I had a fit friend in college that weighed over 100 lbs more in high school. He was depressed by his health and decided that he would start walking. The first time he went out, he only made it two driveways from his own before he had to stop. He was gasping for air, exhausted, and embarassed.

He felt discouraged that he was only able to complete such a short walk, but made it his goal the next day to walk one driveway further, and one more the next. Soon he was circling the block, then the neighborhood, then jogging, then starting to lift weights at the gym. The key was that he was realistic about his circumstances, but didn’t allow his circumstances to discourage his efforts.

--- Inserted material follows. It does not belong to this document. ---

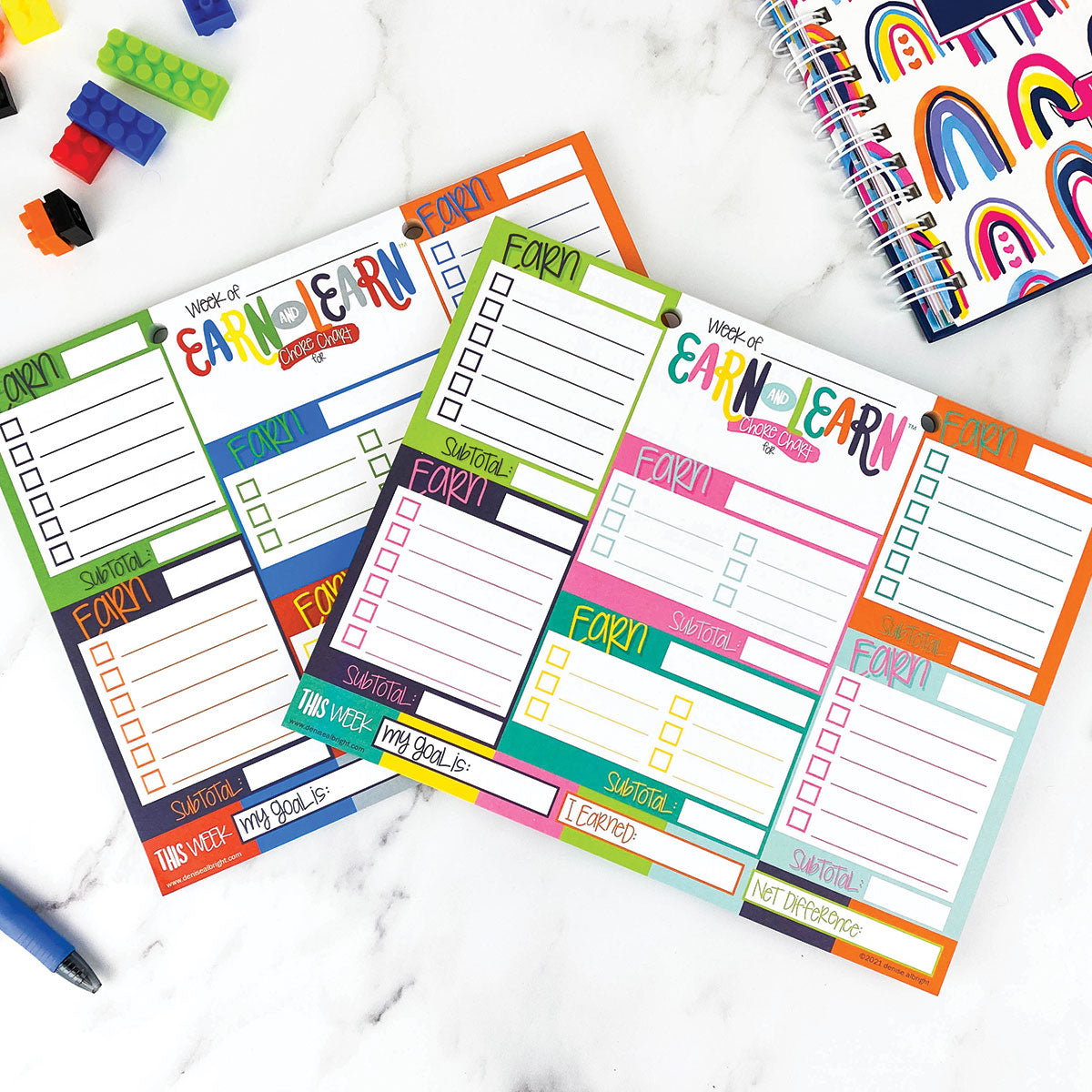 There's no better time to help kids learn how to manage what they earn (& spend) while they are young! This FUN & EASY Earn and Learn® Kids Money Management Chore Chart will help your child learn valuable life skills. Use the colorful boxes to list tasks, chores, and to-do's while assigning each box a value, like screen time, play time, or cold, hard cash!

Whether you need to lose 5 lbs or 300 lbs or just want to improve your general health through exercise, realism is going to be key. When attempting to find a workout that will stick for you, consider if you enjoy it, and if it’s conveniently located, appropriately priced, a reasonable time commitment, and effective. Being mindful of these points will help you to kill excuses before they have a chance to surface and will make it more likely that you’ll stick to your goals!